Стиснув кулаки, Хлопуша двинулся на Толоконникова. Тот медленно начал пятиться. Словно невидимая нить протянулась между этими двумя людьми. Толоконников в точности повторял движения Хлопуши, отступая на столько же шагов назад, на сколько тот двигался вперед.

И вдруг Петька, повернувшись рывком, побежал к выходу из ущелья. Павел, выхватив из ножен саблю, рванулся было за ним, но Хлопуша удержал его.

— Не тронь. Не убежит.

Толоконников в безумном беге пронесся через кусты, в которых прятался, перепрыгнул через догоравший вал и ворвался в горящую тайгу.

Он мчался во весь дух, хотя никто его не преследовал, по крутинам, по откосам, гребням и горящим стволам, размахивая растопыренными руками, как птица крыльями. Он нырял в расселины и ямы, пропадал из глаз и снова появлялся, приседал под падающими раскаленными ветвями, прыгал через пылающие кусты и снова мчался, забираясь все глубже в пламенные недра тайги.

Ярко пылающий густой ельник преградил ему путь. На миг он остановился перед этой огненной стеной, потом кинулся в пламя, выставив вперед руки и наклонив голову, словно ныряя в воду. Столб дыма и пепла поднялся высоко, и все исчезло.

Все, разом, вздохнули и отвели глаза.

И неожиданно почувствовали, что жар уменьшился. Теперь без труда можно было дышать.

— Сам, значит, себя казнил, — хмуро сказал Хлопуша. — Ну что ж, два раза прощают, на третий бьют.

И вдруг удивленно поднял руку к голове. Высокая казацкая шапка его сорвалась с головы и упала на землю в нескольких шагах за его спиной. Он не слышал слабого пистолетного выстрела и удивленно обернулся. Ротмистр, бледный, со стиснутыми зубами, придерживал левой рукой правую, повисшую безжизненно. Он нащупал случайно за пазухой один из пистолетов, подаренных ему Шембергом, и, не утерпев, выстрелил в Хлопушу, но стоявший рядом с ним работный вовремя ударил его по руке дубинкой и тем спас Хлопуше жизнь.

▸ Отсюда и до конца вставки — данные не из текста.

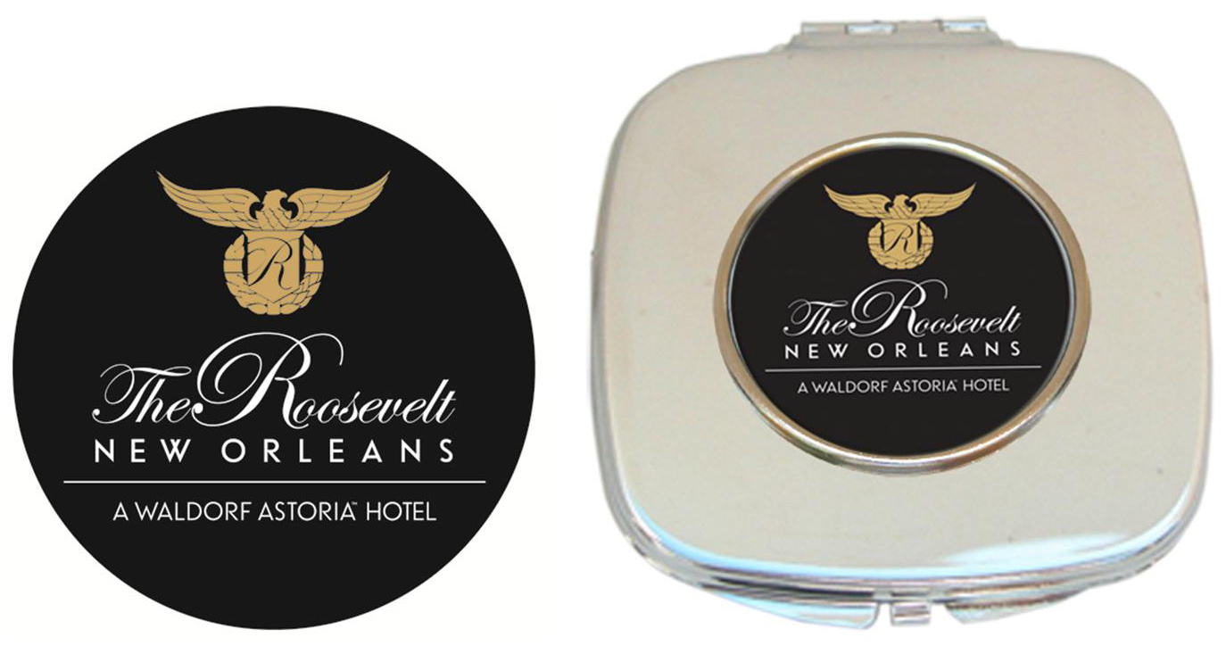 Custom Classic Legacy Purse Mirror with The Roosevelt Hotel Logo - You approve the screen sample…..or give us suggestions to improve on the design. When all design work is perfect we begin production. Our minimum order for custom design is only 24 pieces! If you order at least 60 pieces there is no set up fee. This photo frame is another favorite gift for corporations, hotels and resorts that we serve.

— Эх, ваше благородие, вот ты какой! — сказал без злобы, с легкой укоризной Хлопуша. — Прав наш батюшка царь, всех вас от прапорного до генерала вешать надо. Первеющие вы наши зловреды и мучители. Шакир, иди-ка сюда, приятель, работа есть.

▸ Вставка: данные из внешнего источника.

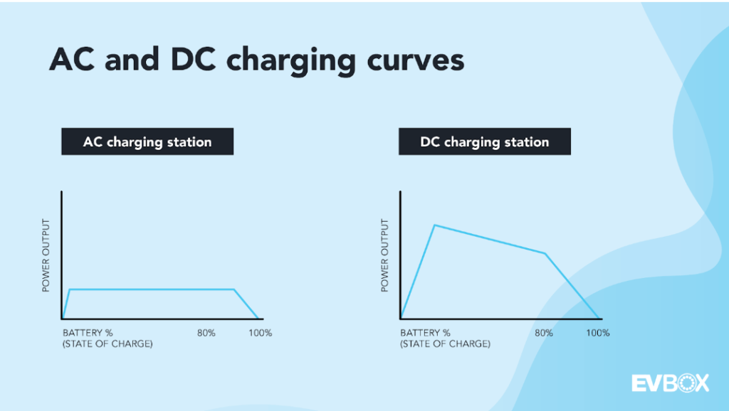Diagramme, die Wechselstrom- und Gleichstrom-Ladekurven zeigen.

Из рядов вышел приземистый башкир в желтом китайском халате, кожаных шароварах и старом облысевшем малахае.

— Подвесь-ка его благородие.

— Слухам, бачка, — Шакир поклонился и деловито огляделся.

Невдалеке стоял высокий дуб, вековой кряжистый уралец, широко раскинувший могучие ветви. Шакир направился к нему, распахнул халат, выдернул из штанов очкур. Затем, придерживая левой рукой спадающие без очкура штаны, полез на дуб. Выбрав сук, выкинувшийся далеко от ствола, привязал к нему очкур, сделал на конце петлю. Проверил ее, затянув на своей руке. Спустился на землю и, взяв своего коня, подвел его к дубу, поставил под петлей. Подошел к ротмистру:

— Пойдем, баранчук.

Ротмистр посмотрел на петлю — в ногах его заныло и закружилась голова так же, как вчера, когда он заглянул в пропасть с Чудь-горы. Он вскрикнул и начал рваться из рук Шакира.

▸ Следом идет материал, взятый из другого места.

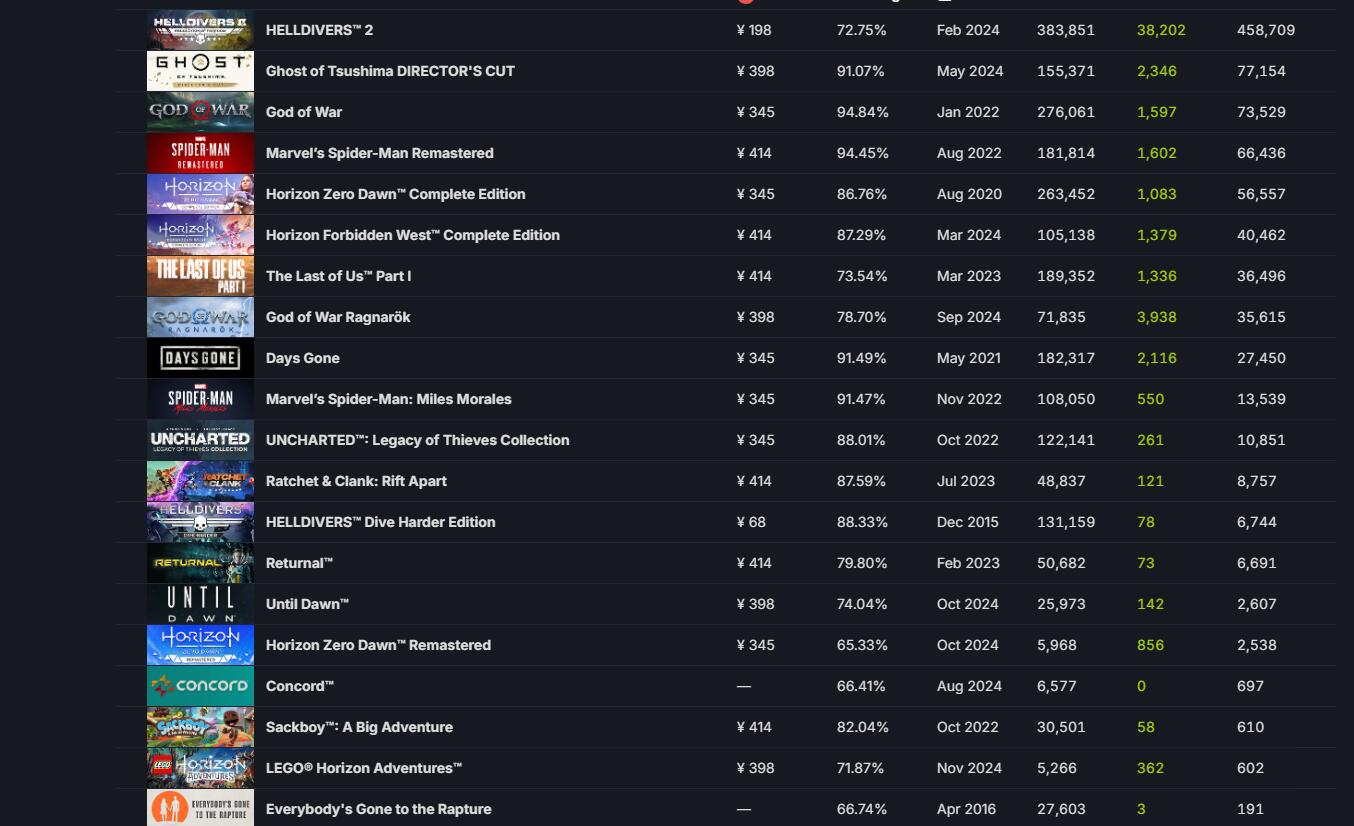 【《乐高地平线大冒险》Steam首日峰值不及《星鸣特攻》】《乐高地平线大冒险》已于今日在Steam上推出。目前该平台上的玩家评论数较少,游戏在23条评测中好评率为78%。根据SteamDB所提供的数据显示,本作上线首日玩家在线峰值数仅有602人。这个成绩在PS第一方阵容中属于垫底的存在,低于峰值610人的《麻布仔大冒险》和697人的《星鸣特攻》。《乐高地平线大冒险》Steam标准版售价398元, 游戏支持中文,游玩需要PSN账户。

— Ой, смешной! — удивился башкирин. — Нельзя, бачка, Хлопуша сказал — «подвесь». Зачем, как куян, умираешь? Как кашкыр[21] умирай, как храбрец. Ну же!

Шакир схватил ротмистра в охапку и потащил к дубу. Вырываясь, офицер кричал:

— Душегубы!.. Мучители!..

— По гостю и брага, барин. Вы нас многие века мучили, а мы молчали, — сказал Хлопуша и невесело засмеялся. — Ишь, что сын дворянский, что конь ногайский — умирают, так хоть ногами дрыгают. Кончай скорей, Шакирка, — махнул рукой и пошел медленно на Чудь-гору.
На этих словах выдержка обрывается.